Variables tied to hedonic well-being, such as life satisfaction, and homeostasis-oriented traits, such as emotional stability, were less predictive of generativity. This suggests that generativity is more influenced by dynamic and growth-driven psychological processes than by a pursuit of emotional comfort or stability.
“The results provide another significant insight worth highlighting,” Joshanloo said. “Pursuing a generative lifestyle is not without its challenges. Generativity can require individuals to venture out of their comfort zones, change, and take intentional action. This transformative process transcends conventional pursuits of happiness and comfort, prioritizing instead social engagement and personal growth. It demands a willingness to explore, experiment, take risks, and develop social skills. Consequently, generativity necessitates continued and sustained effort, requiring a long- term commitment to personal and communal growth.”
Interestingly, demographic variables like income and gender, as well as health-related factors such as chronic conditions, were much less predictive. In other words, generativity appears to be influenced more by psychological and social characteristics than by external or physical conditions.
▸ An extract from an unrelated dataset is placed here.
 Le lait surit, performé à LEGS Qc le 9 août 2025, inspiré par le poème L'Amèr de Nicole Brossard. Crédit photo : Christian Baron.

“This suggests that generativity can be cultivated, even in challenging circumstances,” Joshanloo said. “It serves as a reminder that our capacity to make a positive impact is not solely shaped by external circumstances or demographic factors; rather, our inner resources and determination play a crucial role.”
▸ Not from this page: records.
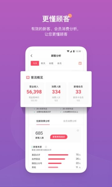 为老板提供全方位的数据分析,可以随时随地的掌握生意状态,让老板更了解生意更懂顾客。
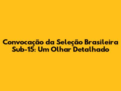 Convocação Da Seleção Sub-15: Talentos Brasileiros Em Campo!
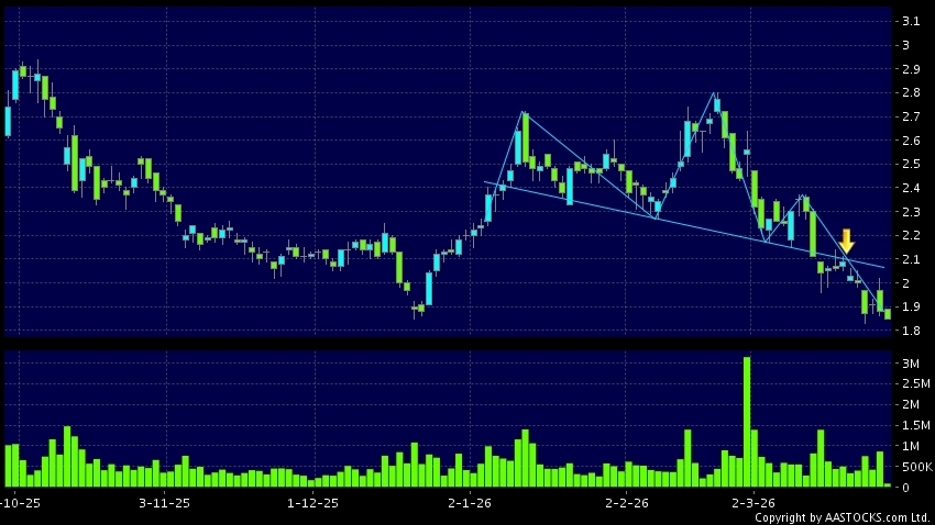 Head Shoulders top is a typical bearish signal, when stock price breaks the supportive level, downtrend would possibly start.(HK stocks quote is delayed for at least 15 mins.Short Selling Data as at 2026-03-26 16:25.)

The study highlights the psychological and social factors associated with generativity in older adults. However, the cross-sectional design means that causal relationships cannot be established; it remains unclear whether the identified traits lead to generativity or if generative individuals develop these traits over time. Additionally, the analysis relied on the variables available in the MIDUS dataset, which, although extensive, may not capture all relevant factors. For example, cultural or environmental influences on generativity were not directly assessed.
Future research could address these gaps by incorporating longitudinal designs to explore how generativity evolves over time and across different life stages. Expanding the range of variables to include cultural, environmental, and systemic factors could also provide a more holistic understanding of what drives generativity.
“Identifying the factors that predict and potentially contribute to generativity can provide a solid foundation for creating targeted interventions that empower older adults to realize their potential for generativity,” Joshanloo explained. “This vision calls for further research to design, implement, and evaluate such interventions, along with psychoeducational programs that promote generativity. These initiatives can help older adults challenge the myth that aging inevitably leads to passivity, decline, and disengagement. I believe this study offers novel insights to guide the development of generativity-focused interventions and hope it inspires more research in this area.”
The study, “Key Predictors of Generativity in Adulthood: A Machine Learning Analysis,” was published December 12, 2024.